== Try it ==
Every entry below should be returned exactly as it appears, with pictures left out.

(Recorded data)

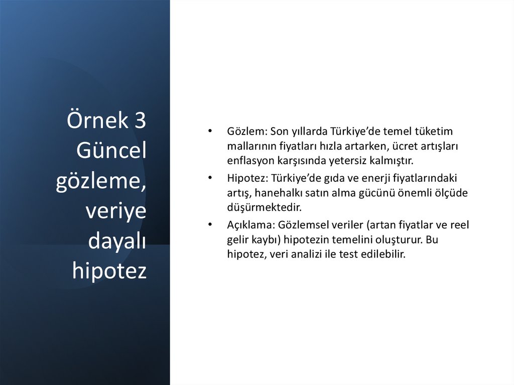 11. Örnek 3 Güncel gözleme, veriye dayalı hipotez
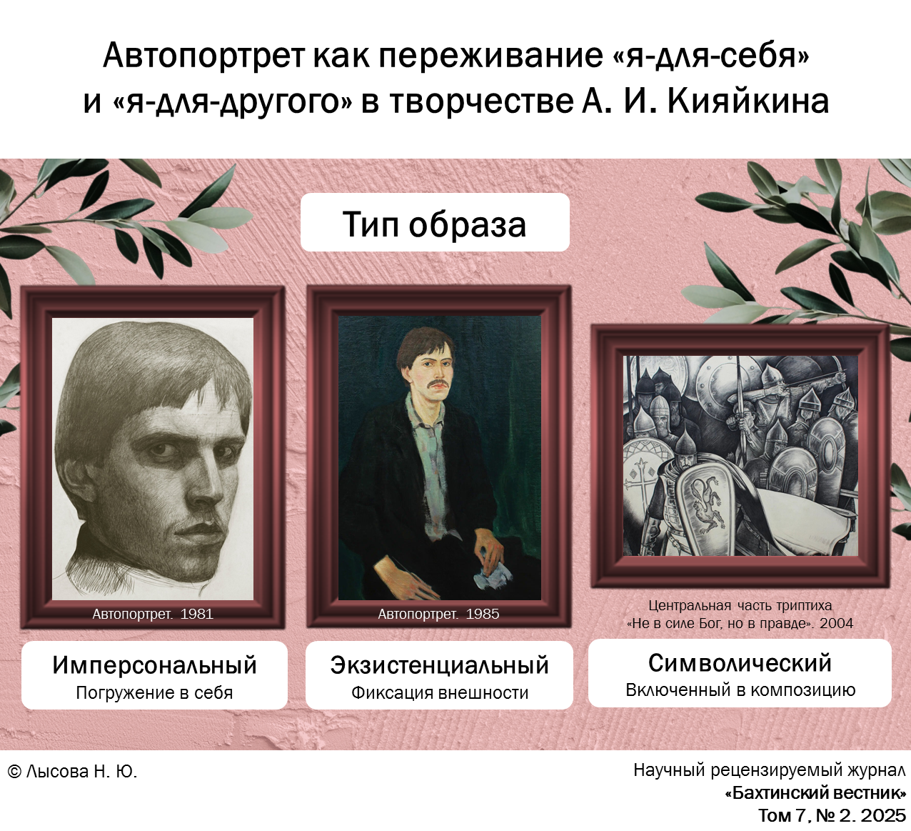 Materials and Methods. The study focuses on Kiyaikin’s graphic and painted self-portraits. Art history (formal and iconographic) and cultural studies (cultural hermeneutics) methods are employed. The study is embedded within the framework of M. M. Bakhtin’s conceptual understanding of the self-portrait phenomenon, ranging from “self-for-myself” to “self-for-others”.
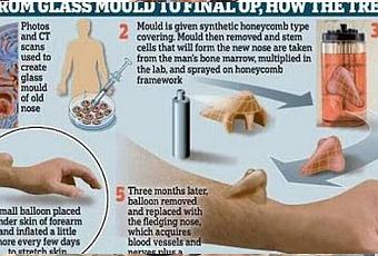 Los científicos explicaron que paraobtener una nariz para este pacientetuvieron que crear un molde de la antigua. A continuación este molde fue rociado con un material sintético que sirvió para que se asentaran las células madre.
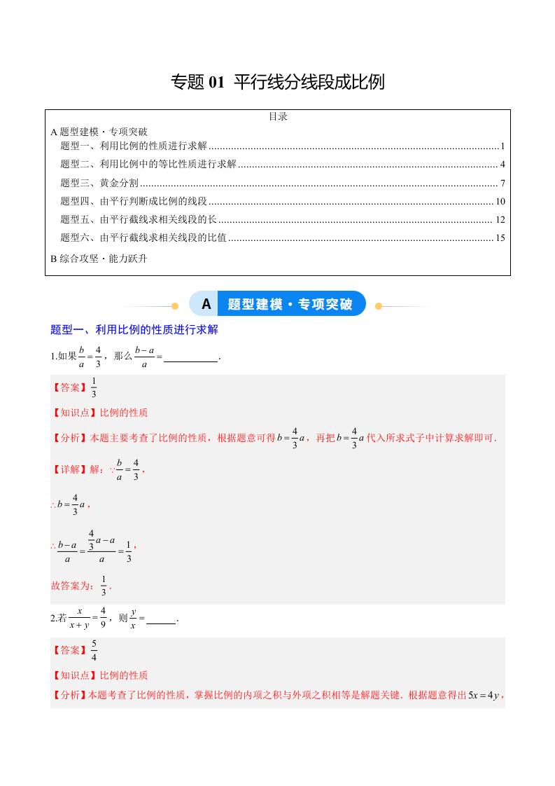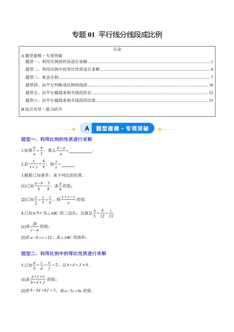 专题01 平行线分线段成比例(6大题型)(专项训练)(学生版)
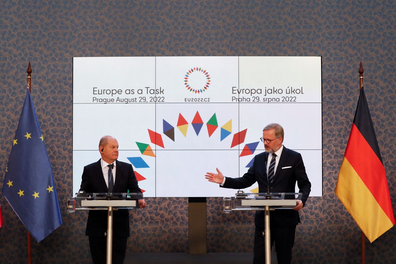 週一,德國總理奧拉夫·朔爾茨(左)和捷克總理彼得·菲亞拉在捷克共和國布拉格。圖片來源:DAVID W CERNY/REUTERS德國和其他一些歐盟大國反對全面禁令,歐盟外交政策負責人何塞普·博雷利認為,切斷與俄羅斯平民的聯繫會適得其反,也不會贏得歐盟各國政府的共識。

== Solved problem ==
 11. Örnek 3 Güncel gözleme, veriye dayalı hipotez
 Materials and Methods. The study focuses on Kiyaikin’s graphic and painted self-portraits. Art history (formal and iconographic) and cultural studies (cultural hermeneutics) methods are employed. The study is embedded within the framework of M. M. Bakhtin’s conceptual understanding of the self-portrait phenomenon, ranging from “self-for-myself” to “self-for-others”.
 Los científicos explicaron que paraobtener una nariz para este pacientetuvieron que crear un molde de la antigua. A continuación este molde fue rociado con un material sintético que sirvió para que se asentaran las células madre.
 专题01 平行线分线段成比例(6大题型)(专项训练)(学生版)
 週一,德國總理奧拉夫·朔爾茨(左)和捷克總理彼得·菲亞拉在捷克共和國布拉格。圖片來源:DAVID W CERNY/REUTERS德國和其他一些歐盟大國反對全面禁令,歐盟外交政策負責人何塞普·博雷利認為,切斷與俄羅斯平民的聯繫會適得其反,也不會贏得歐盟各國政府的共識。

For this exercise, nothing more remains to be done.